When building our persistence layer with Hibernate and working with timestamp fields, we often need to handle timezone details as well. Since Java 8, the most common approach to represent timestamps with timezone is by using the OffsetDateTime and ZonedDateTime classes. However, storing them in our database is a challenge since they’re not valid attribute types according to the JPA specification.

Hibernate 6 introduces the @TimeZoneStorage annotation to address the above challenge. This annotation provides flexible options for configuring how timezone information is stored and retrieved in our database.

In this tutorial, we’ll explore Hibernate’s @TimeZoneStorage annotation and its various storage strategies. We’ll walk through practical examples and look at the behavior of each strategy, enabling us to choose the best one for our specific needs.

2. Application Setup

Before we explore the @TimeZoneStorage annotation in Hibernate, let’s set up a simple application that we’ll use throughout this tutorial.

2.1. Dependencies

Let’s start by adding the Hibernate dependency to our project’s pom.xml file:

<dependency>
    <groupId>org.hibernate.orm</groupId>
    <artifactId>hibernate-core</artifactId>
    <version>6.6.0.Final</version>
</dependency>

This dependency provides us with the core Hibernate ORM functionality, including the @TimeZoneStorage annotation we’re discussing in this tutorial.

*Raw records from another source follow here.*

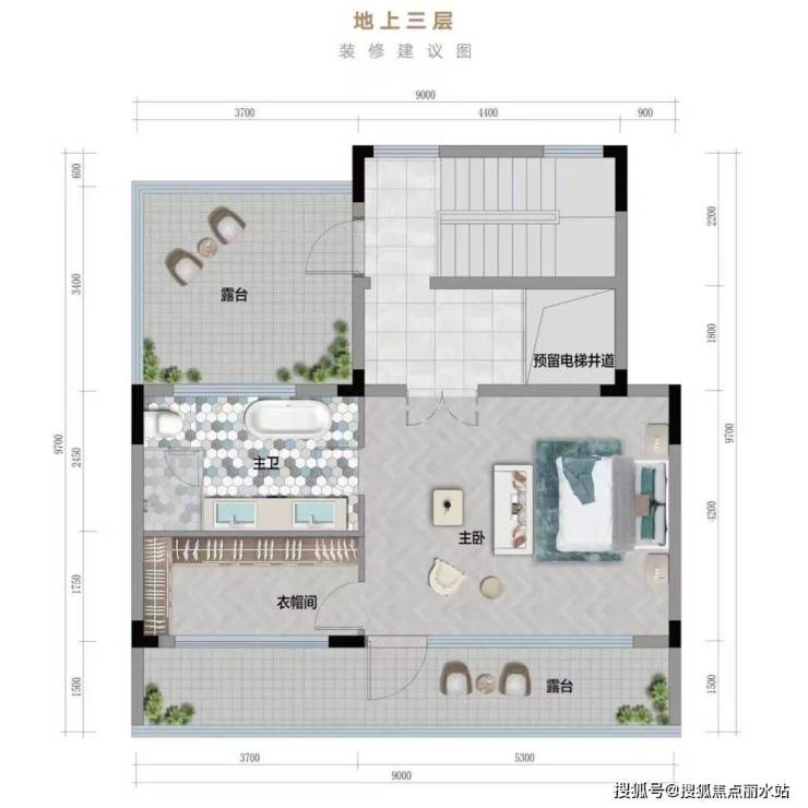 三层还有南北2个大露台,既可以满足日常洗衣晾晒的需求,也可以满足男女主人赏花赏月的浪漫需求。
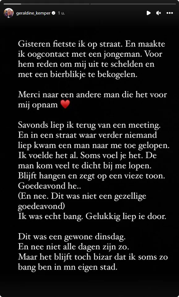 "Gisteren fietste ik op straat. En maakte ik oogcontact met een jongeman", laat de blondine weten. "Voor hem reden om mij uit te schelden en met een bierblikje te bekogelen." Een andere man stond klaar om het voor Geraldine op te nemen.
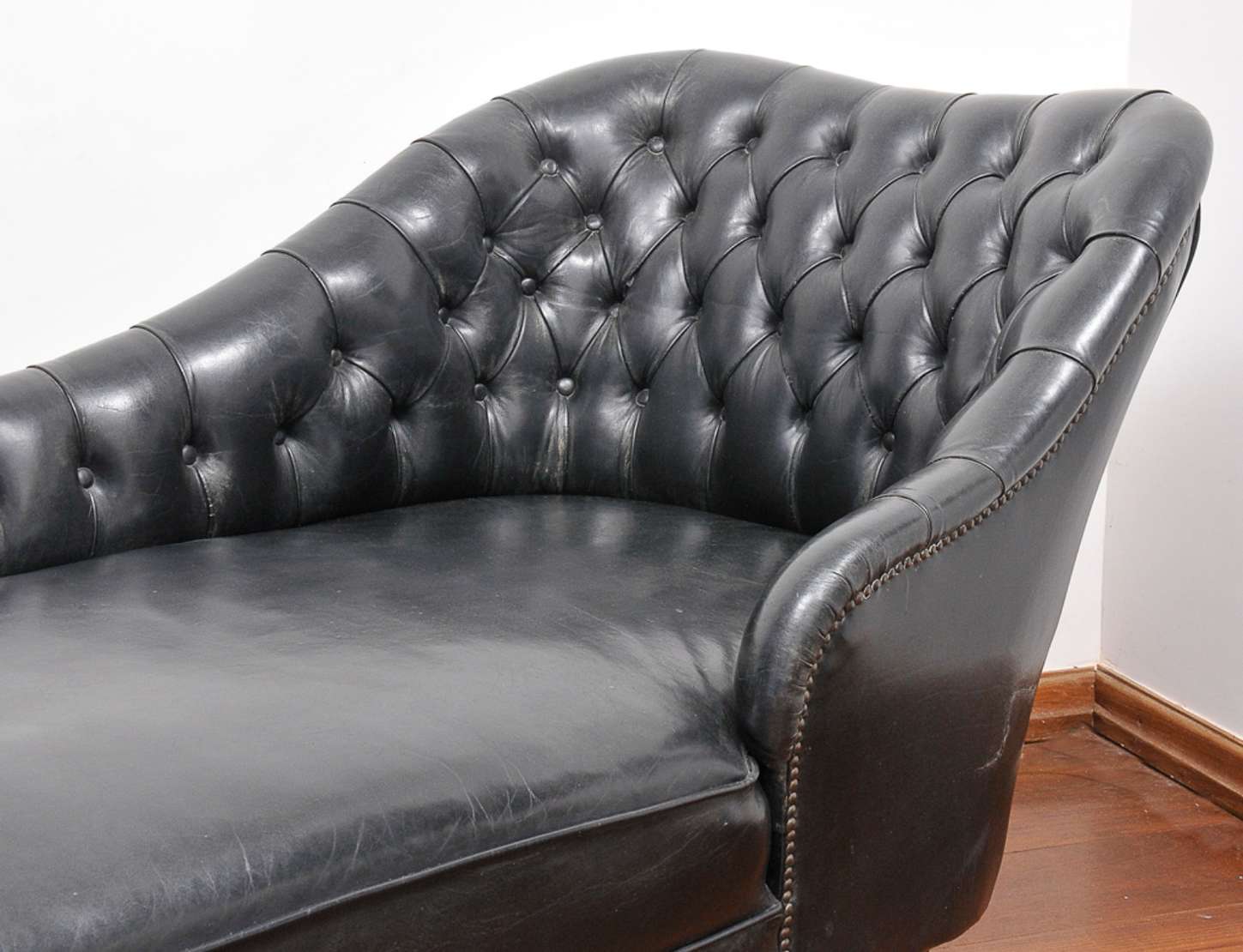 Sofá de quatro lugares estilo inglês Cesterfield, encosto e braço em captone forrado com sofisticado tecido em linho.
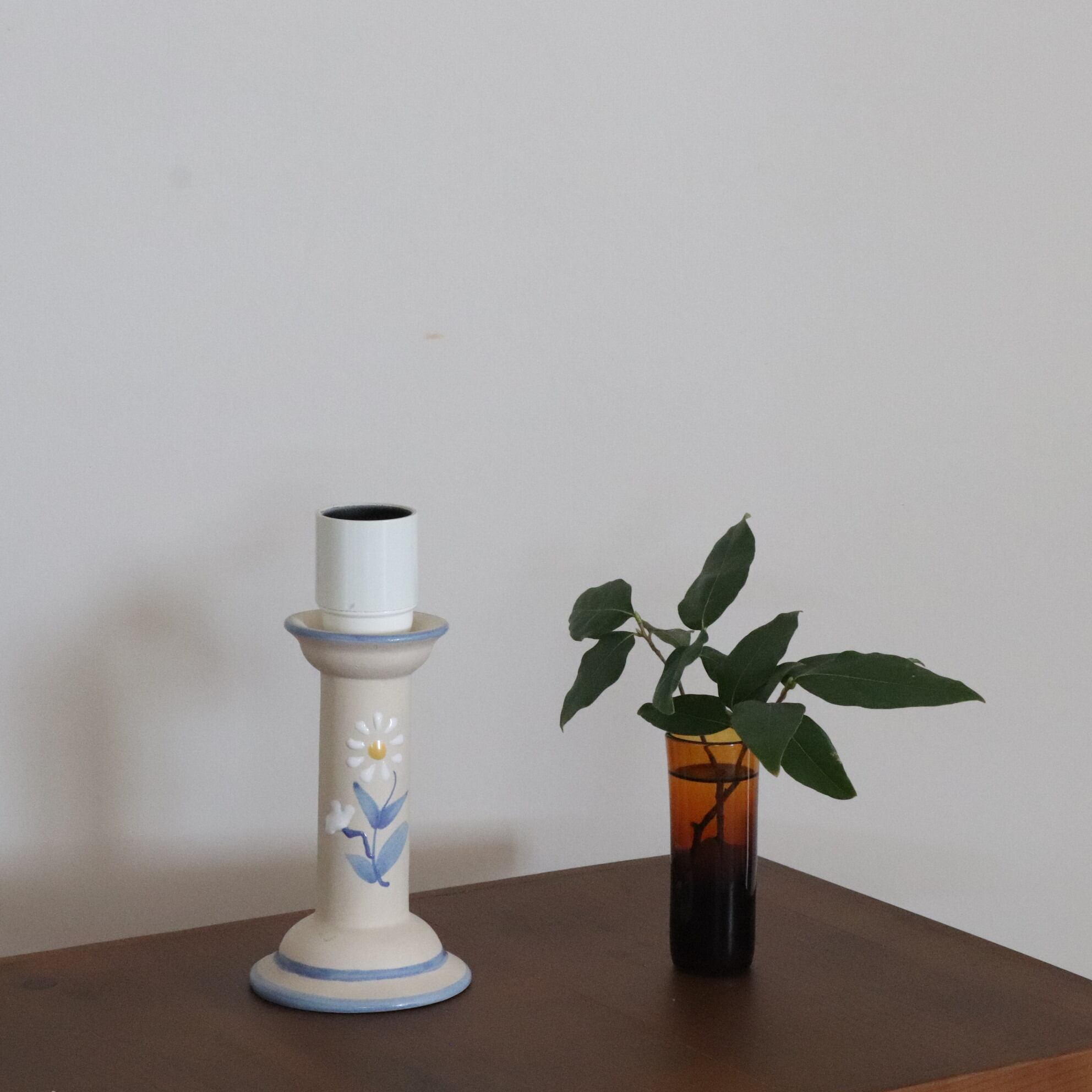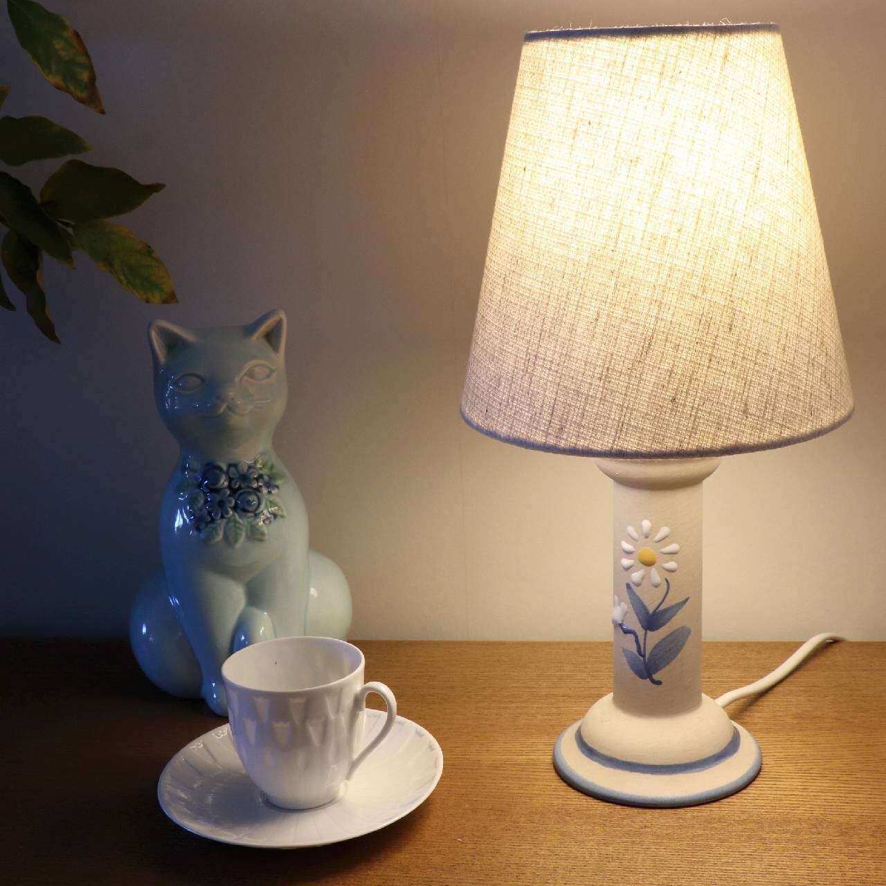 爽やかなミルクホワイトの陶器に、くすんだライトブルーで花の絵が描かれたシンプルながらとても印象が良い照明です。
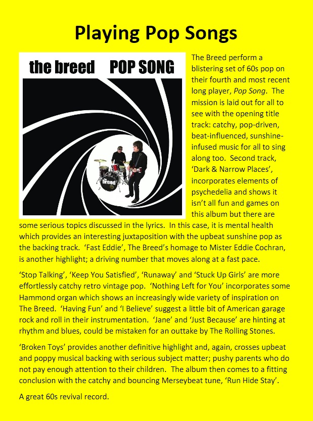 “Pop Song” is the Fourth album from the Breed, containing 14 original handcrafted catchy retro pop tunes. After all, everybody loves a good Pop Song and here’s 14 of them.

2.2. Defining the Entity Class and Repository Layer

Now, let’s define our entity class:

@Entity
@Table(name = "astronomical_observations")
class AstronomicalObservation {
    @Id
    private UUID id;

    private String celestialObjectName;

    private ZonedDateTime observationStartTime;

    private OffsetDateTime peakVisibilityTime;

    private ZonedDateTime nextExpectedAppearance;

    private OffsetDateTime lastRecordedSighting;

    // standard setters and getters
}

For our demonstration, we’ll wear our astronomy geek hats. The AstronomicalObservation class is the central entity in our example, and we’ll be using it to learn how the @TimeZoneStorage annotation works in the upcoming sections.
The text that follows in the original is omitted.